What you have to do
Find the line with "متوافق مع مجموعة" in the records below. Output exactly from there until after the line with "وقد جاء في رواية", without pictures.

Material for the task
--------------------------------------------------

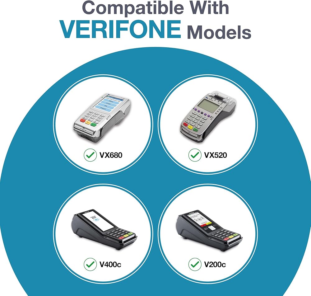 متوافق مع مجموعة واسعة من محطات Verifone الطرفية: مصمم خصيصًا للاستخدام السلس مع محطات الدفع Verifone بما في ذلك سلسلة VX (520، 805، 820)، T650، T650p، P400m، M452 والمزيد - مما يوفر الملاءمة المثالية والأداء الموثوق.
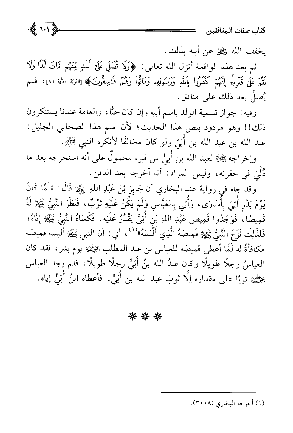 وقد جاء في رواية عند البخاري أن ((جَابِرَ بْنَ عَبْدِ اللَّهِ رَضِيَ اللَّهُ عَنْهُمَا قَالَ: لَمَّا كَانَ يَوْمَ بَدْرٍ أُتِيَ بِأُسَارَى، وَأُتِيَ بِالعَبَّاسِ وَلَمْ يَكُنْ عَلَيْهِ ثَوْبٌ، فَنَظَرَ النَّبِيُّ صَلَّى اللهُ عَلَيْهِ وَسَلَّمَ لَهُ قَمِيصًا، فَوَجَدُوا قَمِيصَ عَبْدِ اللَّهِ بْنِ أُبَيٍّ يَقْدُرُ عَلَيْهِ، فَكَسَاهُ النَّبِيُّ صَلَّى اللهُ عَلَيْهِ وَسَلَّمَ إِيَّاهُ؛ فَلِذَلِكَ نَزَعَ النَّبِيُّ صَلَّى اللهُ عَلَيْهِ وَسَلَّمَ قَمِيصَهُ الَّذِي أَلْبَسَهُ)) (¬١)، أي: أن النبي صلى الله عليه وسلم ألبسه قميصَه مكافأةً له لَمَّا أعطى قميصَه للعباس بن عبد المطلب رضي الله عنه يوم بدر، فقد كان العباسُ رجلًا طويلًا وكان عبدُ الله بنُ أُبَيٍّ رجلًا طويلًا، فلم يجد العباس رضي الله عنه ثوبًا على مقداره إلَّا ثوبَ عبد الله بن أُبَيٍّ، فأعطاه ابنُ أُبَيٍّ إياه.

--------------------------------------------------

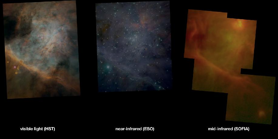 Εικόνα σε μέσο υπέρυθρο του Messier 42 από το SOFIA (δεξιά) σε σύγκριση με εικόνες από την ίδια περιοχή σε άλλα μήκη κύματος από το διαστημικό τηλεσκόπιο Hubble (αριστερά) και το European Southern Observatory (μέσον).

--------------------------------------------------

Answer section
 متوافق مع مجموعة واسعة من محطات Verifone الطرفية: مصمم خصيصًا للاستخدام السلس مع محطات الدفع Verifone بما في ذلك سلسلة VX (520، 805، 820)، T650، T650p، P400m، M452 والمزيد - مما يوفر الملاءمة المثالية والأداء الموثوق.
 وقد جاء في رواية عند البخاري أن ((جَابِرَ بْنَ عَبْدِ اللَّهِ رَضِيَ اللَّهُ عَنْهُمَا قَالَ: لَمَّا كَانَ يَوْمَ بَدْرٍ أُتِيَ بِأُسَارَى، وَأُتِيَ بِالعَبَّاسِ وَلَمْ يَكُنْ عَلَيْهِ ثَوْبٌ، فَنَظَرَ النَّبِيُّ صَلَّى اللهُ عَلَيْهِ وَسَلَّمَ لَهُ قَمِيصًا، فَوَجَدُوا قَمِيصَ عَبْدِ اللَّهِ بْنِ أُبَيٍّ يَقْدُرُ عَلَيْهِ، فَكَسَاهُ النَّبِيُّ صَلَّى اللهُ عَلَيْهِ وَسَلَّمَ إِيَّاهُ؛ فَلِذَلِكَ نَزَعَ النَّبِيُّ صَلَّى اللهُ عَلَيْهِ وَسَلَّمَ قَمِيصَهُ الَّذِي أَلْبَسَهُ)) (¬١)، أي: أن النبي صلى الله عليه وسلم ألبسه قميصَه مكافأةً له لَمَّا أعطى قميصَه للعباس بن عبد المطلب رضي الله عنه يوم بدر، فقد كان العباسُ رجلًا طويلًا وكان عبدُ الله بنُ أُبَيٍّ رجلًا طويلًا، فلم يجد العباس رضي الله عنه ثوبًا على مقداره إلَّا ثوبَ عبد الله بن أُبَيٍّ، فأعطاه ابنُ أُبَيٍّ إياه.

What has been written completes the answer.